Shipped this project!

Hours: 24.26
Cookies: 🍪 531
Multiplier: 21.89 cookies/hr

I built a Letterhead Editor—a fully air-gapped, offline-first Android and PC webapp designed to help professionals or organizations draft letters in a standard format.
It allows the user to input dynamic credentials, digital signatures, and local QR codes, outputting a perfect vector-based PDF. I completely stripped all INTERNET permissions from the Android Manifest to ensure it is 100% tamper-proof and offline.

The hardest part by far was fighting the Android WebView engine and its native Print Spooler. Porting a desktop-first CSS layout to mobile trapped me in a non-scrollable “100vh prison” at first.
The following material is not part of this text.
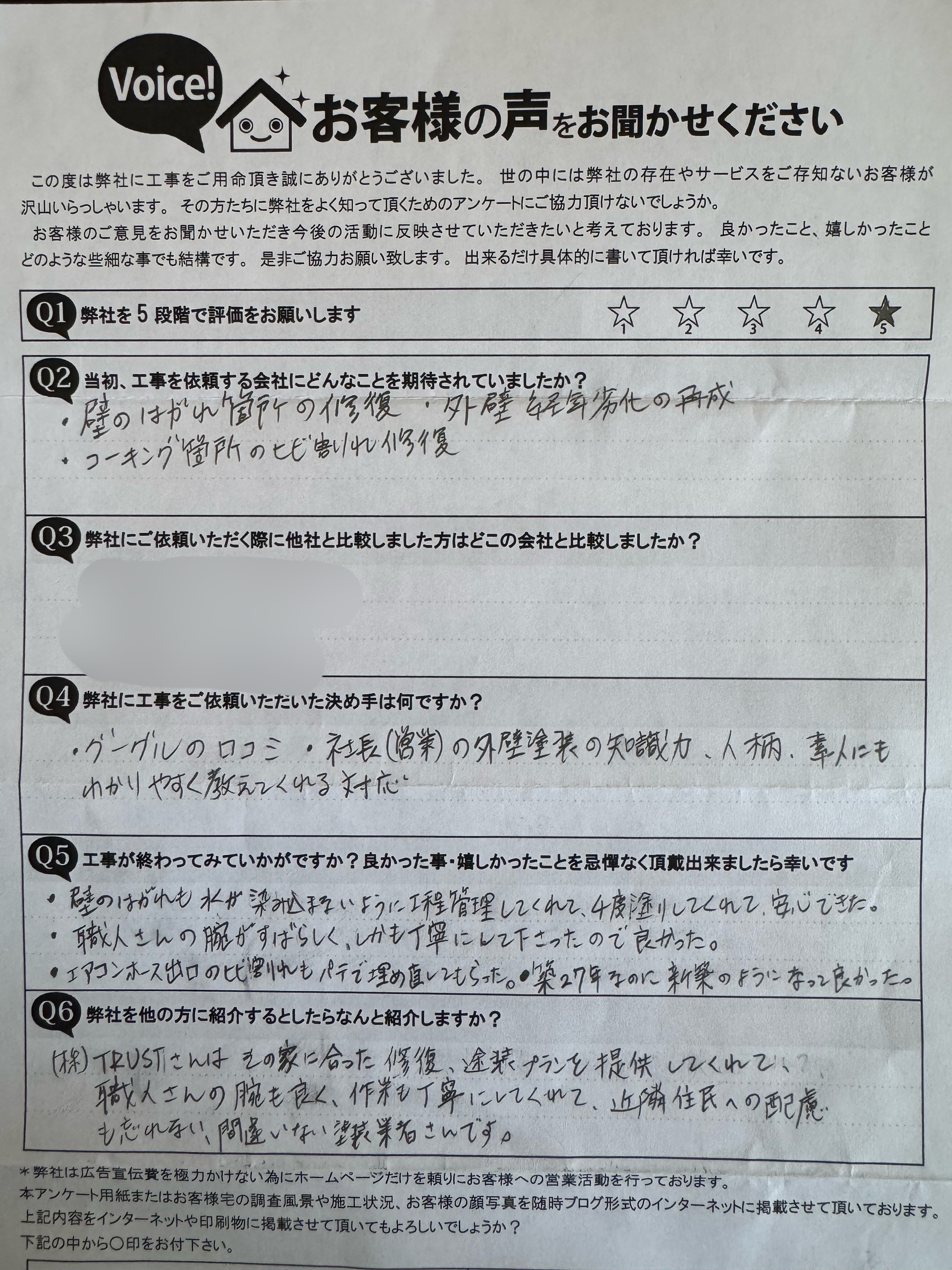 弊社より↓↓↓↓▼ A. ㈱TRUSTさんはその家に合った修復・塗装プランを提供してくれて、職人さんの腕も良く作業も丁寧にしてくれて、近隣住民への配慮も忘れない、間違いのない塗装業者さんです。T様、数ある業者の中から弊社を選んでいただきありがとうございます。工事に伴いご連絡対応などご協力していただいたおかげで作業がスムーズに出来ました!今後とも、弊社トラストを宜しくお願い致します。 また、一年点検でお伺いさせて頂きます。 |

Then, getting the Android PDF generator to strictly respect A4 dimensions without adding ugly black margins or randomly splitting into two pages took hours of media-query debugging. I even had a 0.5pt “security micro-text” feature that worked flawlessly on PC, but I eventually had to write a kill-switch to axe it from the mobile build because Android’s accessibility auto-scaler aggressively refused to let text render that small!

I figured it out by hard-locking the print dimensions to 296mm to satisfy the print spooler, moving my QR library from a CDN to a local asset, and using a Java JavascriptInterface bridge to handle native printing securely. I am really proud of the fact that it is completely “ghost” software—it operates completely offline with zero data leaks.

adityarajmalviyaa

This was the final sprint to lock down the end. Android’s WebView engine is completely different game from desktop browsers, can’t seem to figure out what it renders and what it doesn’t. But anyways: https://github.com/adibuddies/letterhead.editor/commit/aa8a12022572545eab154070f2714d40372aa69d

  1. I had completely removed all internet permissions so the HTML wasn’t able to communicate with qrcode.min.js on the url given. I fixed it by downloading the javascript file into the assets folder.
  2. The micro-text features in android webview were just so not possible. Partially because I can’t expect a high-density display of a smartphone to render me a 0.5pt line (1/144th of an inch).
  3. I fixed it by leaving no trace for the micro-text in the android app while it worked as usual with PC version.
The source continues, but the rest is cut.